Some methods of combining class information in multivariate normal discrimination for the classification of human chromosomes.

We consider the use of discriminant analysis based on an assumption of multivariate Normality for allocating human chromosomes in an automated system. In this context, the assumptions which might be made about the covariance matrices for the different chromosome classes have important implications for the error rate of the system and the time required to allocate a chromosome. Linear discriminant functions based on the assumption of a common covariance matrix for all classes are fast but sometimes give bigger error rates than the assumption of a separate covariance matrix for each class. The latter assumption requires many more calculations to evaluate the associated quadratic discriminant functions. However, it is possible to assume that the covariance matrices for the different classes are, in various senses, similar to one another in order to derive other methods of combining class information on variability.
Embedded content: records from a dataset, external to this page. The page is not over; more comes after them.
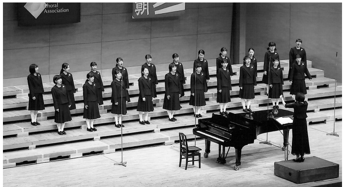
金賞に輝いた全国大会の舞台

A④ みなさんの暖かい応援のおかげで、全国大会のステージで練習してきたことを出し切ることができました。本当にありがとうございます。これからも、私たちの活動を見守っていただけると嬉しいです。よろしくお願いします。
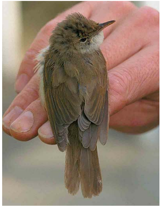
457-458 Struikrietzanger / Blyth's Reed Warbler Acrocephalus dumetorum , eerste-winter, Kennemerduinen, Noord-Holland, 17 oktober 2001

Tussenbroek. De volgende maten werden genoteerd: vleugellengte 64 mm, staartlengte 52 mm, snavelpunt tot schedel 17.7 mm, snavelbreedte (ter hoogte van achterrand van neusgat) 4.7 mm, versmalling van binnenvlag ('notch') van p2 18.5 mm (handpennen van buiten naar binnen genummerd), gewicht 10.2 g en vetgraad 0. Verder hadden alleen p3 en p4 een duidelijke versmalling van de buitenvlag. De tenen en nagels waren korter en kleiner dan bij een Kleine Karekiet of Bosrietzanger A palustris . De vogel werd op basis van deze gegevens en de afwijkende 'strogrijze' kleur door de aanwezigheid als valse spotvogel A (pallidus) elaeicus/opacus gedetermineerd, waarna hij opnieuw werd gemeten en gefotografeerd door CvD. Na een vergeefse poging om Arnoud van den Berg te waarschuwen werd de vogel weer losgelaten. De volgende dagen kwamen de foto's van CvD onder ogen van achtereenvolgens AvdB, André van Loon en Lars Svensson. Bij pogingen om de vogel op naam te brengen werd Struikrietzanger aanvankelijk buiten beschouwing gelaten omdat de versmalling van de binnenvlag van p2 te lang was (deze zou maximaal 14 mm mogen zijn; LS heeft ooit 15.5 mm gemeten). Vanwege de vleugellengte en het aantal handpenversmallingen was ook duidelijk dat het geen afwijkend getinte 'gewone' Acrocephalus -soort kon zijn. Afgezien van het ontbreken van een buitenvlagversmalling van p5 kwam de biometrie redelijk overeen met valse spotvogel. De foto's lieten echter
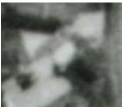
Fragment panoramy Lublina, lata 30., Bonifraterska 12/A fragment of panorama of Lublin in the 1930s, Bonifraterska 12,
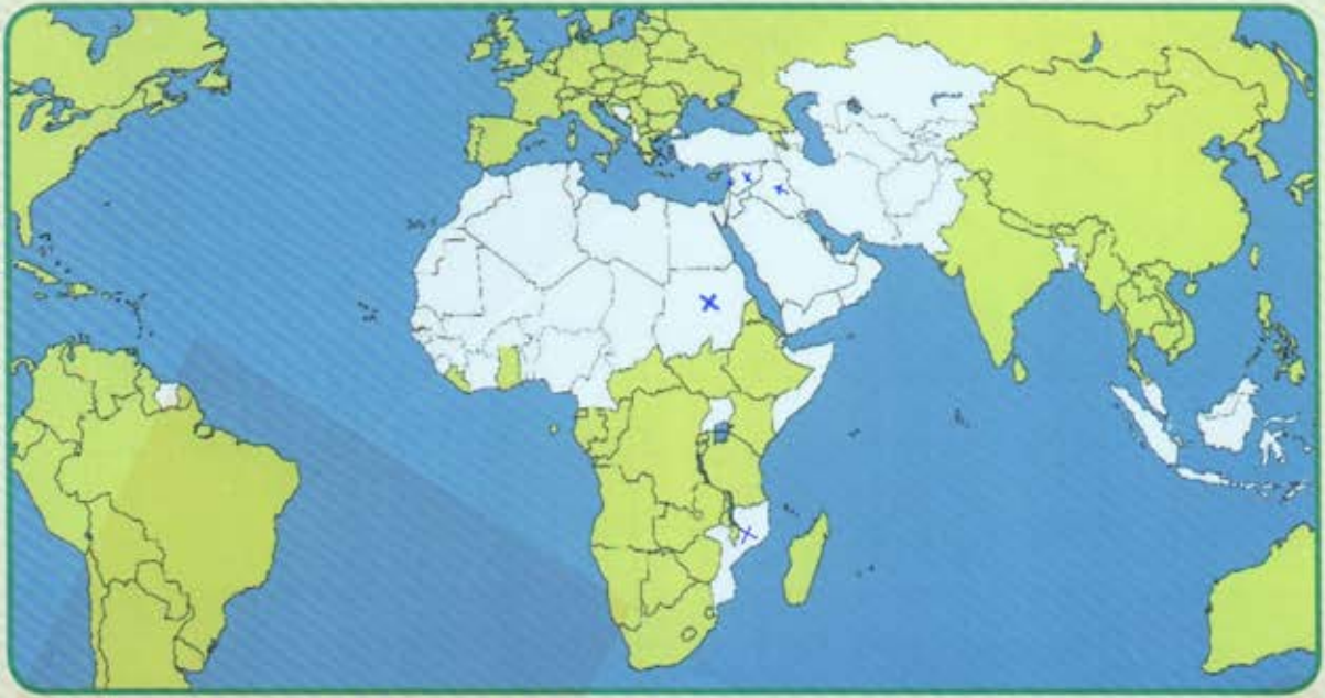
شكل (٣٠) خريطة صماء لدول العالم الإسلامي

توجد دول إسلامية تصل نسبة التصحر فيها ما بين ١٠ - ٥٠٪ ، ومنها لبنان وسوريا والسودان والعراق والسنغال غرباً حتى الصومال شرقاً . قم بتحديد مواقع هذه الدول على الخريطة التالية بالاستعانة بالـ الأطلس المدرسي .
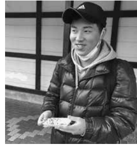
寒い時の団子も 悪くないね!

12月2日、毎年恒例の日帰り旅行に行ってきました! 心待ちにされていた利用者の方も多く、「行先はどこだろう?」「お土産何買おうかな」と想像を膨らませていました。
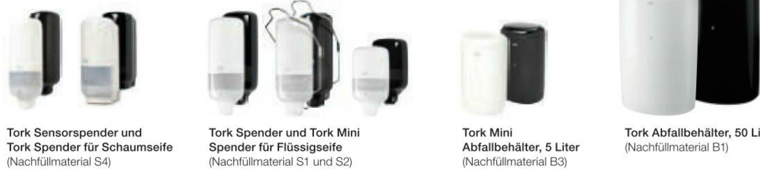
Tork Sensorspender und Tork Spender für Schaumseife (Nachfüllmaterial S4) | Tork Spender und Tork Mini Spender für Flüssigseife (Nachfüllmaterial S1 und S2) | Tork Mini Abfallbehälter, 5 Liter (Nachfüllmaterial B3) | Tork Abfallbehälter, 50 Liter (Nachfüllmaterial B1)
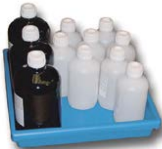
Bac de rétention en polypropylène
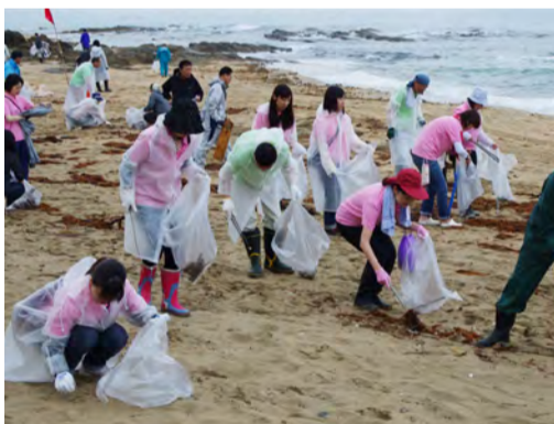
▲漂着ごみを拾い集めるボランティア(久美浜町・箱石海岸)
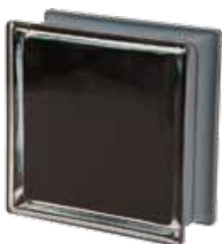
NERO Q19 O MET 19x19x8
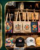
ของฝากเก๋ ๆ
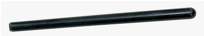
Рисунок 8 – Эквивалент объекта поиска

5.4.3 Эквивалент объекта поиска (рис. 8) служит для проверки работоспособности изделия. Он представляет собой пластиковый цилиндр, внутри которого находится полупроводниковый диод 2Д521А.
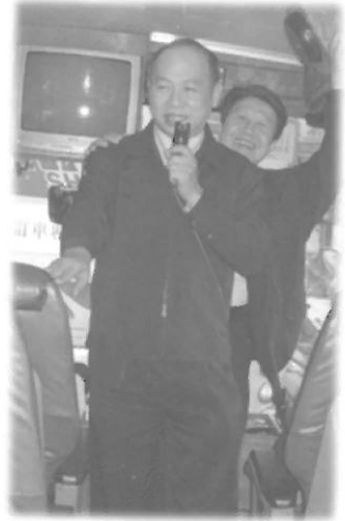
2 ใน 6 ของอาสาสมัครชื่อจี้จากไทยตามไปดูแลคณะดูงานถึงไต้หวัน
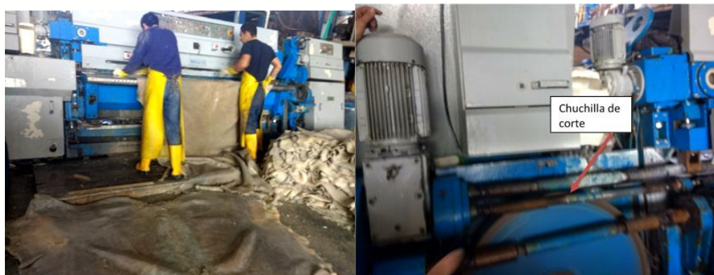
Figura 5. Dividido (flor y carnaza)

Utilizando la máquina para dividir cueros se separa dos capas de la piel llamadas la flor y la carnaza. Donde la flor es destinada para obtener el producto deseado (cuero para calzado, marroquinería); la carnaza según el tamaño y grosor se usa para curtirla y obtener cuero de baja calidad para la fabricación de guantes industriales, botas industriales y en otros casos juguetes caninos.
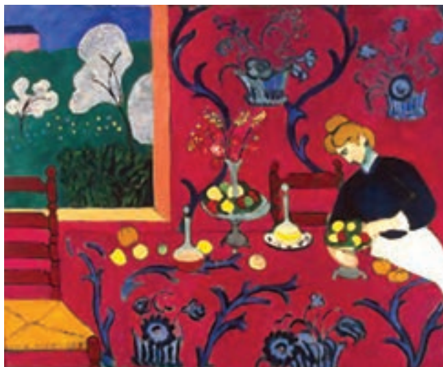
تصویر ۳- میز غذاخوری، اثر هانری ماتیس، ۱۹۰۸ میلادی، موزه هر میثاژ، سن پترزبورگ
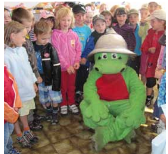
Die Kleinen waren von „Flori“, seinen Darbietungen und Künsten begeistert.

Am Vormittag des 21. Juni besuchte „Flori“, das Feuerwehrmaskottchen, mit 39 Kindern samt Begleitpersonen aus dem Kindergarten Unterlangkampfen die FF Unterlangkampfen. Flori begleitete die Kinder zum Gerätehaus wo sie nach der kurzen Wanderung mit einer gesunden Jause empfangen wurden. Anschließend wurde ihnen altersgerecht die Ausrüstung eines Feuerwehrmannes/frau, einzelne Gerätschaften und die Einsatzfahrzeuge gezeigt. Unter Anleitung von „Flori“ durften die Kleinen auch das Spritzen mit dem Feuerwehrschauch versuchen. Abschluss des Vormittages war die Rückfahrt zum Kindergarten mit den Einsatzfahrzeugen – auch hier war „Flori“ dabei. Davon waren die Kinder natürlich begeistert.
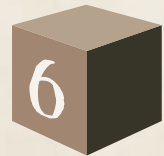
Seis caras (D6)
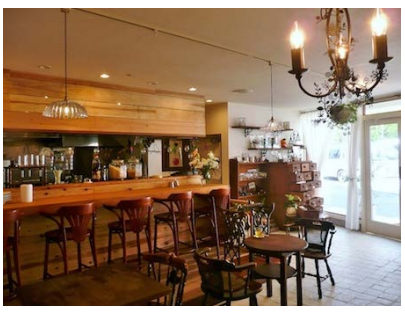
“今日は中山のカフェで打合せ”
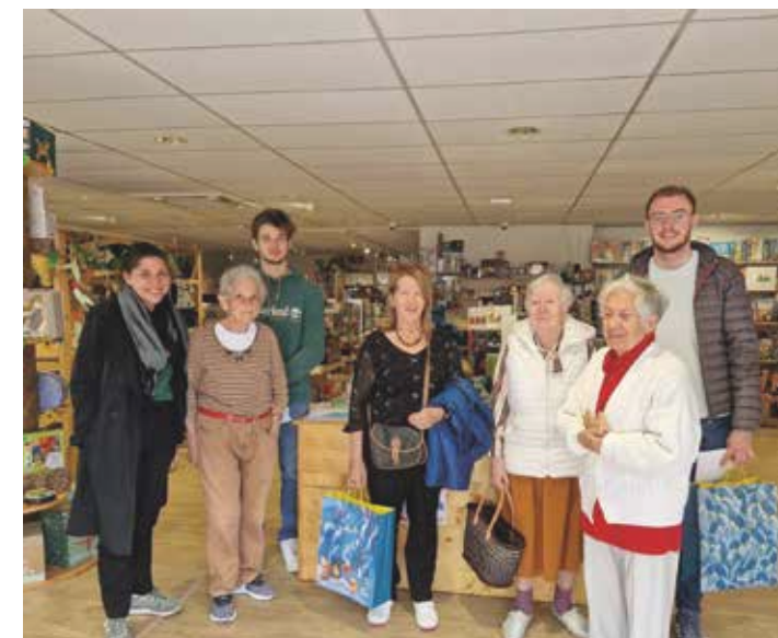
Achat de nouveaux jeux à la Baraka Jeux

Nos résidents apprécient beaucoup et toujours la visite de nos élèves en formation animation. Une belle rencontre s'est déroulée le lundi 15 mai. Des ateliers variés et stimulants ont été proposés.
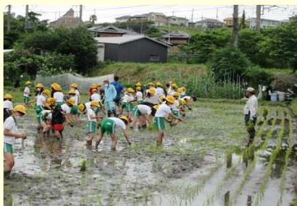
地域学校協働本部事業(収穫体験授業補助)
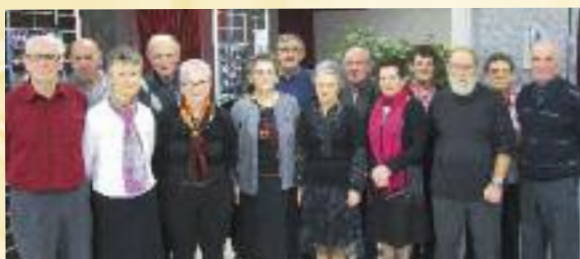
Bureau du club de l'amitié
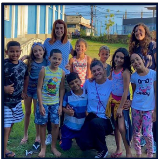
BRASILE - Petropolis
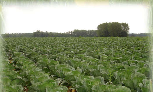
Champ de choux à choucroute
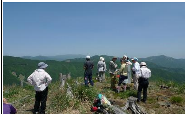
しばし兵庫の山々のパノラマを楽しむ
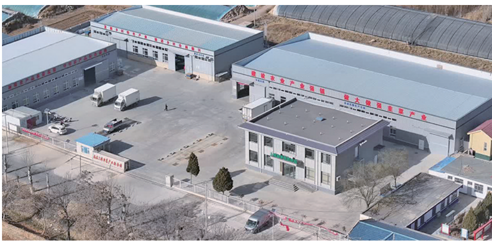
灵武市郝家桥镇上滩村形成了以设施农业、蔬菜加工业为主的经济发展方向。
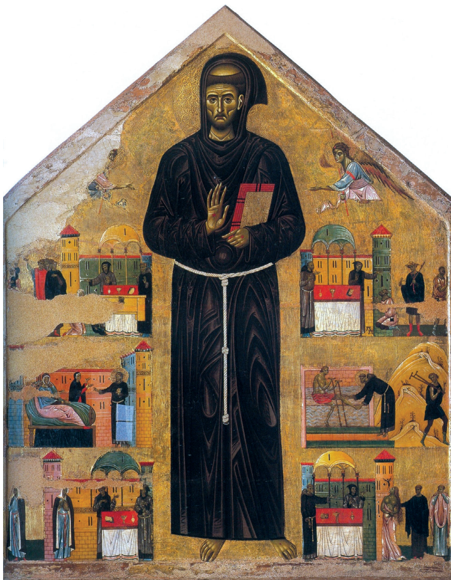
Fig. 2. Giunta Pisano (attribué à), dossal avec saint François. Pise, Museo San Matteo.

– vraisemblablement des tableaux mobiles exposés sur l’autel le jour de la fête du saint, comme l’a souligné Hans Belting 18 – consacrés à François d’Assise. L’un, daté de 1235, est dû au lucquois Bonaventura Berlinghieri et se trouve dans l’église San Francesco de Pescia 19 . Trois autres, parmi les principaux produits dans les décennies suivantes, sont attribués à Giunta Pisano (ou à son cercle, du moins, pour un ou deux d’entre eux) et respectivement conservés au Museo San Matteo de Pise (fig. 2), à la Pinacothèque Vaticane (fig. 3) et dans le Trésor de la Basilique San Francesco d’Assise 20 . Tous montrent au centre l’image du saint en pied et, de chaque côté, plusieurs scènes de sa vie ; ce
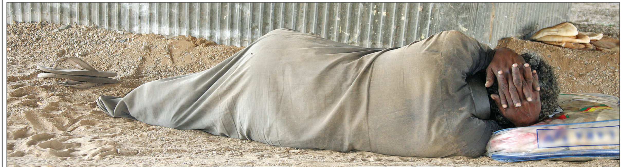
معتل نفسياً مستلقياً تحت جسر بجوار محطة النقل الجماعي أمس في جدة.
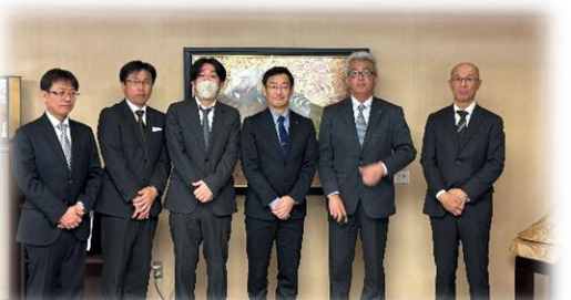
【静岡県平木副知事】
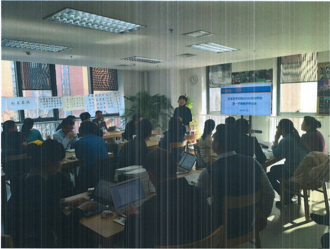
管理团队参加 2018--2019 学年中期管理评审会
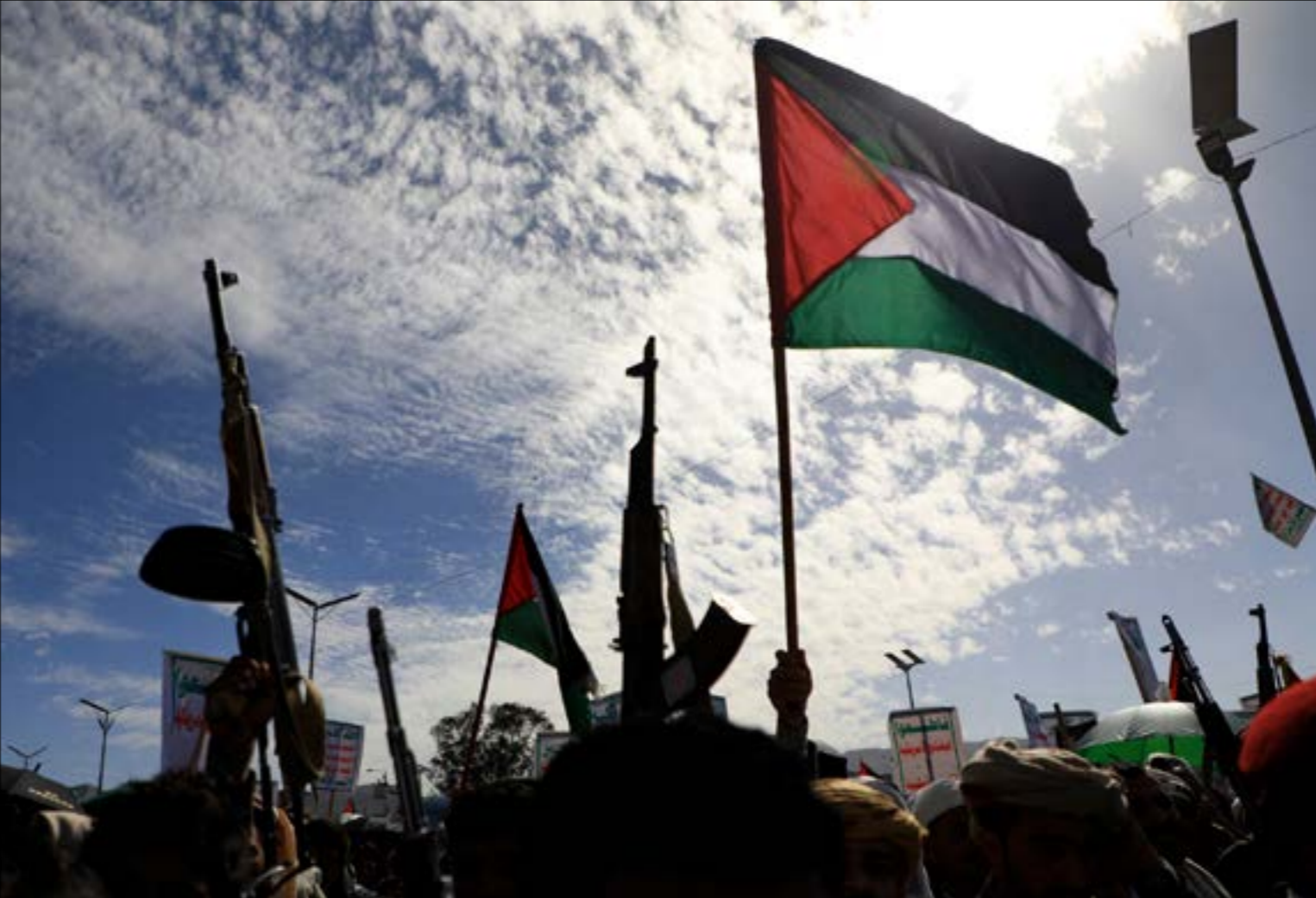
«انصار الله، نجحت في تصوير هجماتها على انا مصدر فخر للشعب العربية (اف بي)

عند قدرة «أنصار الله» على تقديم محتوى باللغة الإنكليزية لإشراك الجماهير الغربية، وخاصة في ما يتعلق بغزة. ورصدت المجلة كيف لجأ المسؤولون اليمنيون إلى نشر البيانات الرسمية باللغة الإنكليزية بدلاً من العربية لزيادة انتشارهم. وقال أحد الباحثين فيها إن «جهود الحوثيين في هذا المجال تعكس مدى أهمية قنوات التواصل الاجتماعي لكسب الراي العام العالمي». هكذا، تغيّرت النظرة إلى اليمن خلال
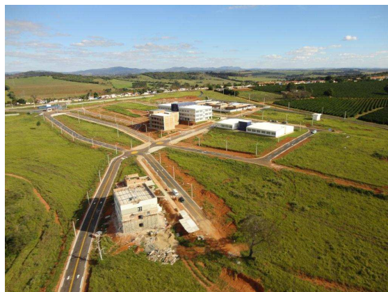
Vista geral da unidade
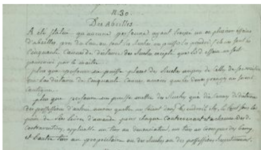
Statuts communaux de Malaucène, 1763 (AD Vaucluse 4 E 18)

En apiculture traditionnelle, l'essaimage est très fréquent et la grande question est de savoir à qui appartiendra l'essaim vagabond. Les textes sont souvent similaires : l'essaim égaré appartiendra au propriétaire des ruches les plus proches. La distance est bien entendu précisée, c'est elle qui autorisera ou non la "cueillette" de l'essaim : ce peut être à la distance d'un jet d'arbalète, comme à Malaucène en 1598, souvent à 100 pas (Mazan, Vaison) ou encore 150 pas (Faucon en 1786) ou même 200 pas (Malemort). Si toutefois l'essaim est poursuivi par son maître, cette mesure ne s'appliquera pas, à condition de le "suivre à vue d'œil" (Venasque en 1638). Passé cette distance, l'essaim trouvé peut aussi être partagé entre le propriétaire du lieu où il s'est posé et la personne qui l'aura trouvé : ainsi à Malemort ou à Faucon en 1786 : "les essaims posés à plus de 150 pas appartiendront par moitié au maître du fonds où ils se seront posés et à celui qui les aura trouvés". Plus rarement, la capture de l'essaim n'est assortie d'aucune condition : c'est le cas à Séguret en 1654, où "tout le monde aura le droit de prendre un essaim sortant de ses ruches là où il ira".

These methods are here incorporated in the estimative maximum-likelihood approach to discrimination. The methods considered lead to machine classification times of human chromosomes intermediate between those for the assumptions of a common or unrelated covariance matrices. They also require the simultaneous estimation of fewer parameters than the use of a separate covariance matrix for each chromosome class. The methods are illustrated by three data sets of very different quality. Graphs of estimated error rate against classification time show that some of these ways of combining class information can be useful in the trade-off of error rate against time.